President of the Karachi Chamber of Commerce and Industry (KCCI) Muhammad Jawed Bilwani has urged the State Bank of Pakistan (SBP) to reduce its policy rate by 400 basis points (bps), citing the recent decline in inflation to a multi-year low of 4.86 per cent in November 2024.
Although the SBP has lowered the policy rate from 20.5% to 15% since the beginning of the fiscal year, it remains significantly higher than rates in regional economies such as India (6.5%), Vietnam (4.5%), and Bangladesh (10%). This disparity continues to constrain private sector borrowing and economic activity, placing Pakistan at a competitive disadvantage.
Bilwani pointed out that private sector credit in Pakistan accounts for only 12% of GDP, far below levels in India (50.1%), Turkiye (50.3%), and Bangladesh (37.6%). As of October 2024, private sector credit stood at just 24.7% of total lending, down from 28.1% in January 2023, while public sector borrowing surged to 75.3%, further restricting access to loans for businesses.
While the government has made progress in stabilizing the economy by narrowing the current account deficit and improving the stock market’s performance, challenges remain.

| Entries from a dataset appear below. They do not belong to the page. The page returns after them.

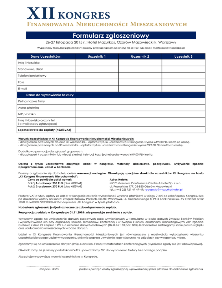 Formularz zgłoszeniowy 26-27 listopada 2015 r.; Hotel Mazurkas, Ożarów Mazowiecki k. Warszawy Wypełniony formularz zgłoszeniowy prosimy przesłać faksem na nr (22) 48 68 100 lub email: [email protected] Dane Uczestników: Uczestnik 1 Uczestnik 2 Uczestnik 3 Imię i Nazwisko Stanowisko, dział Telefon kontaktowy Faks E-mail Dane do wystawienia faktury: Pełna nazwa firmy Adres płatnika NIP płatnika Imię i Nazwisko oraz nr tel. i e-mail osoby zgłaszającej Łączna kwota do zapłaty (+23%VAT) Warunki uczestnictwa w XII Kongresie Finansowania Nieruchomości Mieszkaniowych: - dla zgłoszeń przesłanych do dnia 30 września br.- opłata z tytułu uczestnictwa w Kongresie wynosi 649,00 PLN netto za osobę, - dla zgłoszeń przesłanych po 30 września br. - opłata z tytułu uczestnictwa w Kongresie wynosi 999,00 PLN netto za osobę. Dodatkowo promocja dla zgłoszeń grupowych: - dla zgłoszeń 4 uczestników lub więcej z jednej instytucji koszt jednej osoby wynosi 649,00 PLN netto. Opłata z tytułu uczestnictwa obejmuje: z programem oraz, udział w bankiecie. udział w Kongresie, materiały szkoleniowe, poczęstunek, wyżywienie zgodnie Prosimy o zgłaszanie się do hotelu celem rezerwacji noclegów. Obowiązują specjalne stawki dla uczestników XII Kongresu na hasło „XII Kongres Finansowania Nieruchomości”: Cena za pokój dla gości wynosi: Adres Hotelu: Pokój 1-osobowy: 235 PLN (plus +8%VAT) MCC Mazurkas Conference Centre & Hotel Sp. z o.o. Pokój 2-osobowy: 270 PLN (plus +8%VAT) ul. Poznańska 177, 05-850 Ożarów Mazowiecki tel.: (+48 22) 721 47 47-49; [email protected] Faktura VAT z tytułu opłaty za udział w Kongresie zostanie wystawiona i wysłana płatnikowi w ciągu 7 dni po zakończeniu Kongresu lub po dokonaniu wpłaty na konto: Związek Banków Polskich, 00-380 Warszawa, ul. Kruczkowskiego 8, PKO Bank Polski SA. XV Oddział nr 02 1020 1156 0000 7202 0008 6215 z dopiskiem „XII Kongres” w tytule płatności. Nadesłanie zgłoszenia jest jednoznaczne ze zobowiązaniem do zapłaty. Rezygnacja z udziału w Kongresie po 01.11.2015r. nie powoduje zwolnienia z opłaty. Wyrażamy zgodę na umieszczenie danych osobowych osób wymienionych w formularzu w bazie danych Związku Banków Polskich i wykorzystywanie ich przy organizacji szkoleń, seminariów, konferencji i w związku z innymi działaniami marketingowymi ZBP, zgodnie z ustawą z dnia 29 sierpnia 1997 r. o ochronie danych osobowych (Dz.U. Nr 133 poz. 883).Jednocześnie zastrzegamy sobie prawo wglądu oraz uaktualniania umieszczonych w bazie danych. Udział w XII Kongresie Finansowania Nieruchomości Mieszkaniowych jest równoznaczny z możliwością wykorzystania wizerunku uczestnika biorącego udział w wydarzeniu, głównie poprzez utrwalenie jego wizerunku na zdjęciach czy w reportażu video. Zgadzamy się na umieszczenie danych (Imię, Nazwisko, Firma) w materiałach konferencyjnych (wyrażenie zgody nie jest obowiązkowe). Oświadczamy, że jesteśmy podatnikami VAT i upoważniamy ZBP do wystawienia faktury bez naszego podpisu. Akceptujemy powyższe warunki uczestnictwa w Kongresie. ……………………………… miejsce i data …………………………………………………………………………………………………… podpis i pieczęć osoby zgłaszającej, upoważnionej przez płatnika do dokonania zgłoszenia
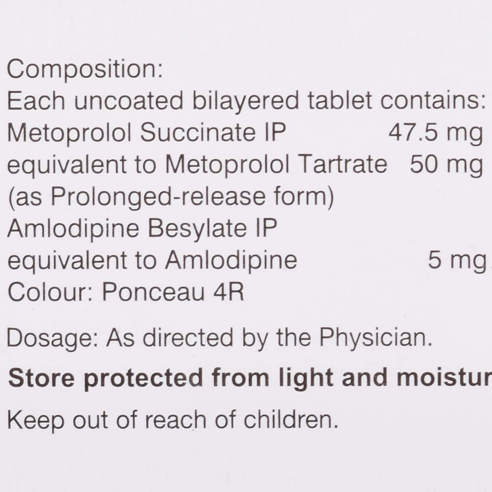 - Metoprolol Succinate IP – 47.5 mg (equivalent to Metoprolol Tartrate 50 mg) as prolonged-release form
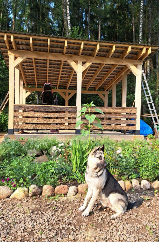 - Эстетика: Черное порошковое покрытие опор отлично сочетается со светлым деревом и темной кровлей, придавая строению законченный вид.
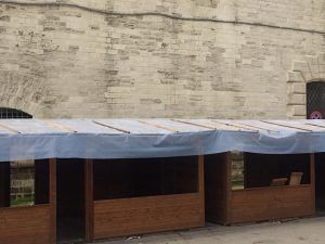 “Gli esercenti – accusa l’ex Assessore all’Ambiente – hanno pagato 1.000 euro a testa per avere giusto due moduli di pochi metri quadri, fatiscenti, in legno marcio, con il soffitto bucato e il cellophane inchiodato sulla copertura che ad ogni soffio di vento si gonfia come una vela. La corrente elettrica, poi, tutta un’altra vicenda. E ancora una volta l’inganno si svela a cose fatte: non c’è! Se i commercianti la vogliono sono altre 11mila euro da sborsare, tutto, ovviamente, a carico loro. Altrimenti al buio.
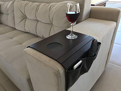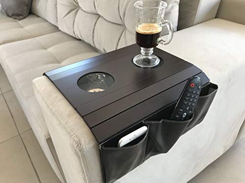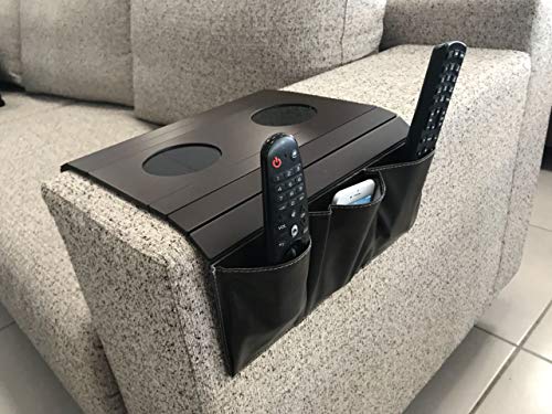 - 2 Drink Holders plus 3 Pocket Organizers. You can use it to organize your favorite TV accessories. Easy access to your drinks, snacks, phones, remote control, glasses and everything you need to have handy without having to get up!
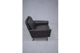 Midcentury armchair with damaged and repaired black leather designed by Folke Ohlsson for Fritz Hansen in 1962.
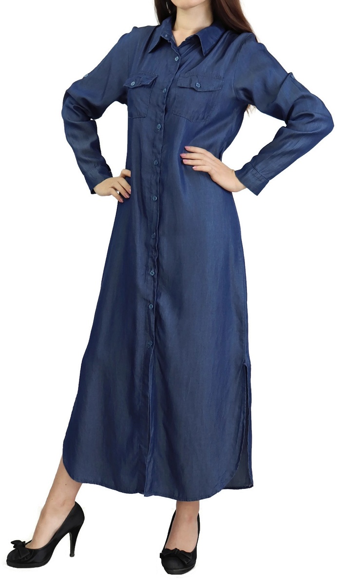 Robe chemise longue pour femme de marque Amelis Paris - Couleur jean brut Vetement & Accessoire

For instance, the Large-Scale Manufacturing Index (LSMI) fell by 0.76% during July-September 2024, reflecting the negative impact of high interest rates on production costs, credit availability, and investment.
Bilwani also highlighted that the elevated interest rates have driven domestic debt servicing costs to unsustainable levels, increasing by 50.4% in FY24. He emphasized that a significant rate cut is essential to ease fiscal burdens, enhance private sector credit access, and encourage new investment to revitalize the economy effectively.